In Cason v. Quinby, 60 Fla. 35, 53 So. R. 741, the facts agreed upon were substantially that the petitioner was an agent and traveling salesman of the Aluminum Cooking Utensil Company of Pittsburg, Pennsylvania; that his business was to canvass for the company taking orders for goods by showing samples. When orders were taken, he sent the order to the company at Pittsburg, *Page 1541 Pennsylvania, and when he received the goods he delivered them to the customers, received the money therefor and remitted it to the company in Pennsylvania. The goods were the property of the company until they were paid for and delivered. The agent received a salary from the company and no commission on sales. He formerly lived in Virginia but had no permanent home. He had been in Florida for four or five years. The goods were sold on orders taken by showing samples. The goods were sent to the agent by the company in Pittsburg, Pennsylvania, pursuant to orders sent in from Lake City, Florida, being packed together in a large package or box, such package or box containing the smaller package of each customer wrapped to itself; the large package was broken by the agent at Lake City, Florida and he delivered the smaller packages to the customers and received the money therefor.

In that case it was held that the business was interstate commerce and that the ordinance of Lake City therein involved as applied to the facts of that case was a burden upon interstate commerce and invalid.

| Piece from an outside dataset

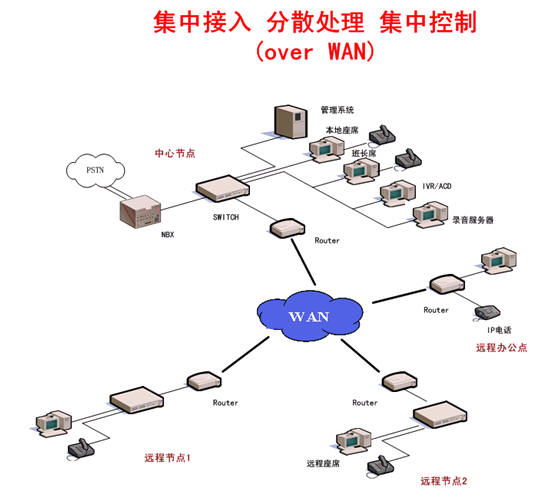 VoIP 技術(shù)與呼叫中心的結(jié)合,不僅僅讓用戶享受到Internet帶來的大量話費(fèi)的節(jié)約,更使基于Internet連接的分布式呼叫中心成為可能。分布式的呼叫中心系統(tǒng),集中式的管理,才能真正滿足那些擁有多個(gè)分支機(jī)構(gòu)的行業(yè)和企業(yè)用戶建設(shè)呼叫中心的需求;贗P分布式的NBX呼叫中心平臺(tái)支持遠(yuǎn)端坐席,利用現(xiàn)有的企業(yè)專線實(shí)現(xiàn)分布呼叫,同時(shí)簡(jiǎn)化管理,由于人工坐席技能差異、語(yǔ)言差異、呼叫量的差異,以及客戶中心客戶所在地的變化及每個(gè)客戶對(duì)各自所擁有的用戶資料的保密性需求,分布式呼叫中心往往更適合各類企業(yè)的實(shí)際。分布式呼叫中心的建立,意味著需要在多個(gè)分中心之間進(jìn)行統(tǒng)一的呼叫控制及語(yǔ)音與同步數(shù)據(jù)轉(zhuǎn)移。NBX作為IP-PBX的引入,兩網(wǎng)合一的特性使分布式呼叫中心的建立成為了一件非常容易的事情。呼叫中心可以擴(kuò)展到多個(gè)位于不同地域的局域網(wǎng)上,通過路由選擇可以自動(dòng)地把呼叫(語(yǔ)音)和數(shù)據(jù)從一個(gè)地點(diǎn)轉(zhuǎn)到另一個(gè)地點(diǎn)中心,因?yàn)檎Z(yǔ)音數(shù)據(jù)通過同一網(wǎng)絡(luò),語(yǔ)音和數(shù)據(jù)同步轉(zhuǎn)移是很自然的。由于數(shù)據(jù)和語(yǔ)音全部通過以太網(wǎng)傳輸,所以不用支付昂貴的長(zhǎng)途話費(fèi),降低了企業(yè)及客戶的開銷,同時(shí)由于各分支機(jī)構(gòu)可將各自的客戶資料保存在各分中心,這樣不僅大大降低了呼叫中心對(duì)數(shù)據(jù)庫(kù)的維護(hù)管理工作,也節(jié)約了設(shè)備投入及運(yùn)營(yíng)維護(hù)成本。

In Wilk v. City of Bartow, supra, the petitioner sold brushes manufactured by the Fuller Brush Company at Hartford, Connecticut. His method of doing business was to go from house to house in the City of Bartow and display samples of his goods to prospective purchasers, solicit orders and make sales at retail prices direct to the purchaser. If a sale was effected, an order was made describing the goods. Upon this order there was a place for the customer's signature, but it was not the practice of the petitioner to have the customer sign the order. At the end of each week, petitioner compiled a sales representative's order, upon which order articles sold during the week were enumerated. The order was mailed to the company's distributing station, at Savannah, Georgia. *Page 1542 Upon receipt of the order, said distributing station made up and shipped to petitioner a package containing the articles enumerated, which articles were loosely packed in one container, the different orders of individual customers not being separated.